This is what a wise and virtuous ministry would have done and said. This, therefore, is what our minister could never think of saying or doing. A ministry of another kind would have first improved the country, and have thus laid a solid foundation for future opulence and future force. But on this grand point of the restoration of the country there is not one syllable to be found in the correspondence of our ministers, from the first to the last; they felt nothing for a land desolated by fire, sword, and famine: their sympathies took another direction; they were touched with pity for bribery, so long tormented with a fruitless itching of its palms; their bowels yearned for usury, that had long missed the harvest of its returning months;[40] they felt for peculation, which had been for so many years raking in the dust of an empty treasury; they were melted into compassion for rapine and oppression, licking their dry, parched, unbloody jaws. These were the objects of their solicitude. These were the necessities for which they were studious to provide.

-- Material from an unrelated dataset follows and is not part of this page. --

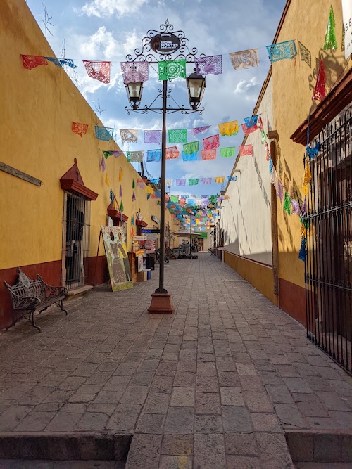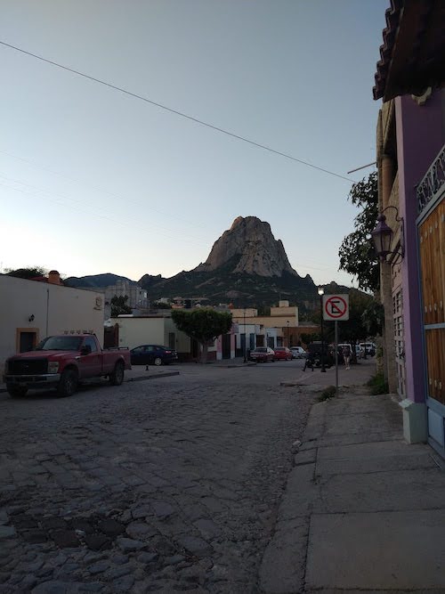 The next morning we made the decision to skip Tamul waterfalls since it was pretty far North out of the way and there were various comments in iOverlander about it sometimes being closed or with a steeper cost to go in and look at the falls with the pandemic. We opted to move ahead to our next destination, Bernal. Here there was the third largest monolith in the world, and it had multi-pitch sport routes up the whole thing! We drove about 6 hours to Bernal and parked in the festive, cute town to walk around. We bought some quesadillas for dinner from a small street restaurant. They were deliciously spicy (to me) and deadly spicy (to Andre). We walked the main drag before turning in. A local hotel let us park the van for the night, with the use of a restroom, showers, and wifi, for 250 pesos (~$12). We took a freezing cold shower, then read up on the climb for the next day before crashing.

To state the country and its revenues in their real condition, and to provide for those fictitious claims, consistently with the support of an army and a civil establishment, would have been impossible; therefore the ministers are silent on that head, and rest themselves on the authority of Lord Macartney, who, in a letter to the Court of Directors, written in the year 1781, speculating on what might be the result of a wise management of the countries assigned by the Nabob of Arcot, rates the revenue, as in time of peace, at twelve hundred thousand pounds a year, as he does those of the king of Tanjore (which had not been assigned) at four hundred and fifty. On this Lord Macartney grounds his calculations, and on this they choose to ground theirs. It was on this calculation that the ministry, in direct opposition to the remonstrances of the Court of Directors, have compelled that miserable enslaved body to put their hands to an order for appropriating the enormous sum of 480,000l. annually, as a fund for paying to their rebellious servants a debt contracted in defiance of their clearest and most positive injunctions.

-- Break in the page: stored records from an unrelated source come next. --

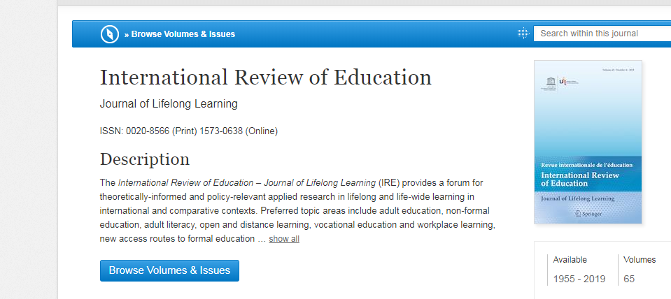 《The International Review of Education – Journal of Lifelong Learning (IRE) 》由联合国教科文组织终身学习中心( UNESCO Institute for Lifelong Learning (UIL))创办,由Springer(施普林格)集团出版发行。该期刊旨在通过发表终身学习领域的具有实证性的咨政类学术成果,为全球范围各个国家的政策制定者和研究者提供多元信息,促进知识的共享和经验的相互借鉴。期刊涉猎主题主要包括终身教育、成人教育,非正规教育,成人扫盲,开放和远程学习,职业教育和正规教育的新途径,终身学习政策以及终身学习范式的实践应用等。长期以来,该期刊促进了来自世界各个国家、特别是发展中国家和转型国家在终身教育领域的学术交流。
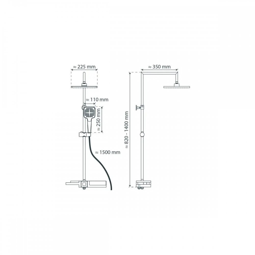 | Dimension de la douche de tête | Ø225 mm |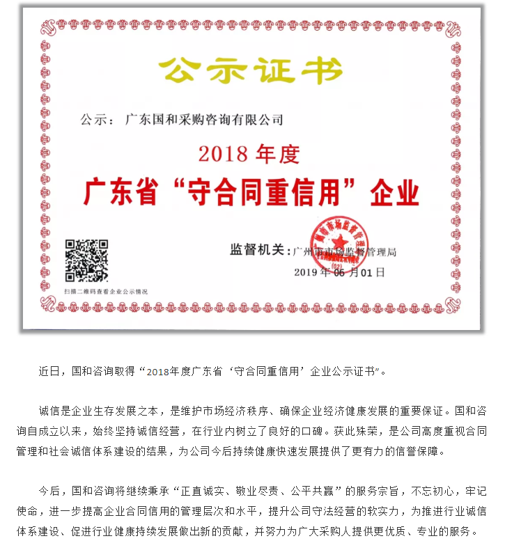 國和咨詢取得“2018年度廣東省‘守合同重信用’企業(yè)公示證書”

The authority and information of Lord Macartney is held high on this occasion, though it is totally rejected in every other particular of this business. I believe I have the honor of being almost as old an acquaintance as any Lord Macartney has. A constant and unbroken friendship has subsisted between us from a very early period; and I trust he thinks, that, as I respect his character, and in general admire his conduct, I am one of those who feel no common interest in his reputation. Yet I do not hesitate wholly to disallow the calculation of 1781, without any apprehension that I shall appear to distrust his veracity or his judgment. This peace estimate of revenue was not grounded on the state of the Carnatic, as it then, or as it had recently, stood. It was a statement of former and better times. There is no doubt that a period did exist, when the large portion of the Carnatic held by the Nabob of Arcot might be fairly reputed to produce a revenue to that, or to a greater amount. But the whole had so melted away by the slow and silent hostility of oppression and mismanagement, that the revenues, sinking with the prosperity of the country, had fallen to about 800,000l. a year, even before an enemy's horse had imprinted his hoof on the soil of the Carnatic. From that view, and independently of the decisive effects of the war which ensued, Sir Eyre Coote conceived that years must pass before the country could be restored to its former prosperity, and production. It was that state of revenue (namely, the actual state before the war) which the Directors have opposed to Lord Macartney's speculation. They refused to take the revenues for more than 800,000l. In this they are justified by Lord Macartney himself, who, in a subsequent letter, informs the court that his sketch is a matter of speculation; it supposes the country restored to its ancient prosperity, and the revenue to be in a course of effective and honest collection. If, therefore, the ministers have gone wrong, they were not deceived by Lord Macartney: they were deceived by no man. The estimate of the Directors is nearly the very estimate furnished by the right honorable gentleman himself, and published to the world in one of the printed reports of his own committee;[41] but as soon as he obtained his power, he chose to abandon his account. No part of his official conduct can be defended on the ground of his Parliamentary information.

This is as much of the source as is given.